# Stalemate



## Gill (20 Sep 2007)

This is how I made a chess board and the lessons I learned from it  .

I decided to make the board using veneers of contrasting colours. Don't ask me what veneers I used because I've never picked veneers by name - I just think, "That would like nice". The first task was to cut the veneer sheets into uniform strips. I did this by laying the edge of a strip against a straight edge, placing a steel rule on top, then cutting through the veneer along the edge of the rule with a scalpel. Then I alternated different strips of veneer alongside each other and taped them together. It's a long time since I did any marquetry so I didn't have the tape to hand which I would have used in the old days. However, I had lots of blue low-tack masking tape and, working on the principle that it was _low _tack, I thought that it would be okay. Unfortunately, I was wrong - but more of that later.

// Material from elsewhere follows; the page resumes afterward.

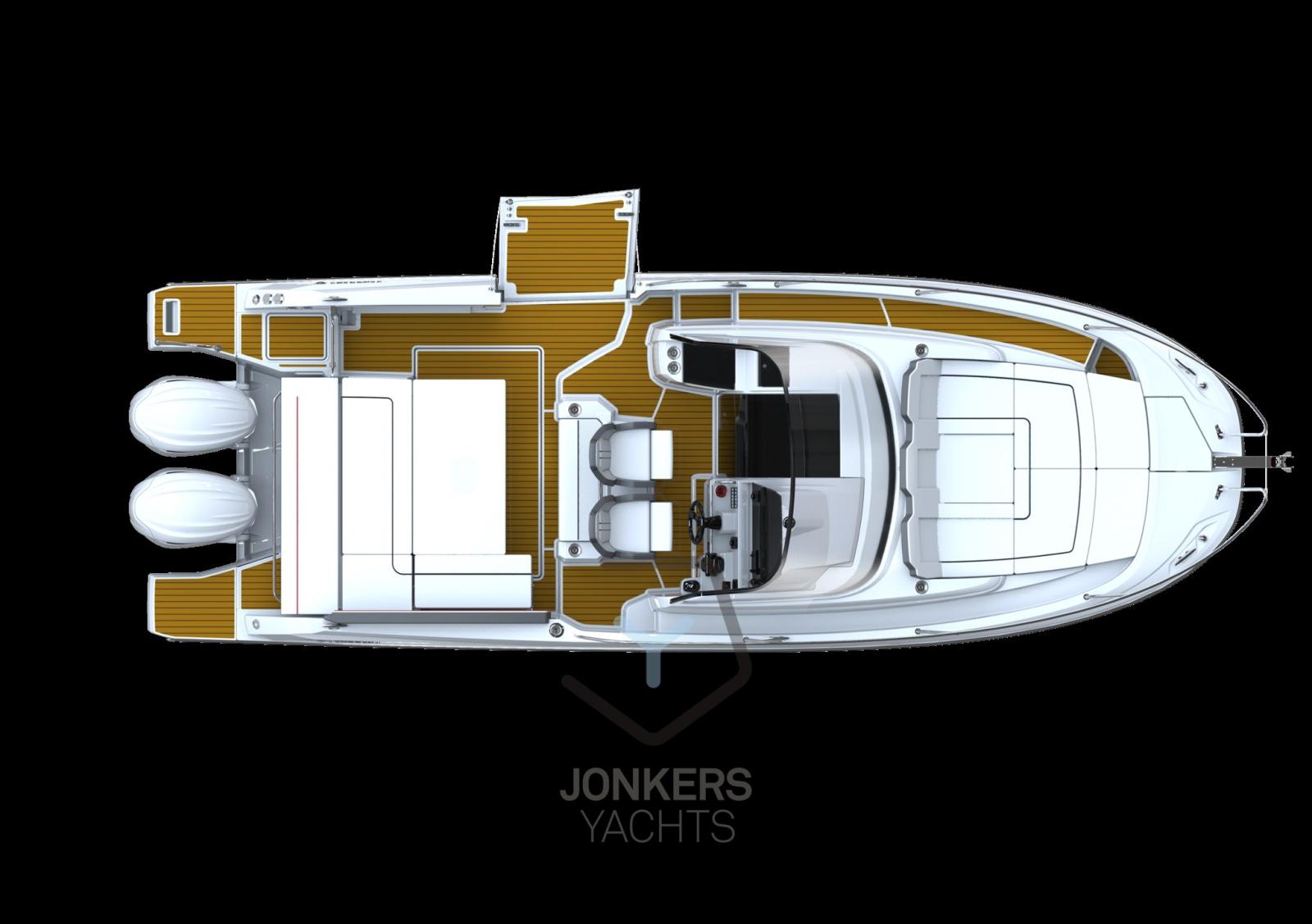 Le dossier rabattable des sièges arrière transforme le cockpit arrière en un immense bain de soleil en quelques secondes. Le pont latéral agrandit le cockpit et offre un accès sûr et facile à la mer pour une baignade rafraîchissante.

If you look closely in the picture above, there appear to be ten strips. However, one of these strips was a sacrificial piece to prevent tear-out as my knife cut through the final strip. Having cut nine strips of veneer, I laid them out and staggered them.






Then I taped them together on the face and removed the blue tape which was on the underside. This tape came away cleanly. I made sure that I removed the tape which was holding the surplus squares in position too, thus creating a proper square checkerboard.

I wanted a differently coloured veneer for the border so I cut some strips from a veneer with a suitably different colour. I wanted these strips to be thinner than the board squares so I used a couple of 5p coins to make sure my steel rule was equidistant from the edge as they were cut.






Four more strips of the border veneer were cut, glued with PVA to the edge of the construction plywood I had chosen as a baseboard.






I put a couple of veneer offcuts on the underside of the baseboard to ensure it would not sit directly on top of the clamps. I wanted a little bit of lipping which could be trimmed later.

When the glue was cured, I trimmed the edging with a veneer saw (which is an irritatingly right-handed tool :x ) cutting across the grain first and then down the length.






Next, I aligned the mitre joins on the checkerboard borders with the corners of the plywood base and glued them together, using PVA again. A bit of clingfilm was wrapped around the spare piece of plywood I placed between the checkerboard and the clamps so that if any PVA escaped it wouldn't adversely affect the project. Even the old B&D Workmate got dragged into action  !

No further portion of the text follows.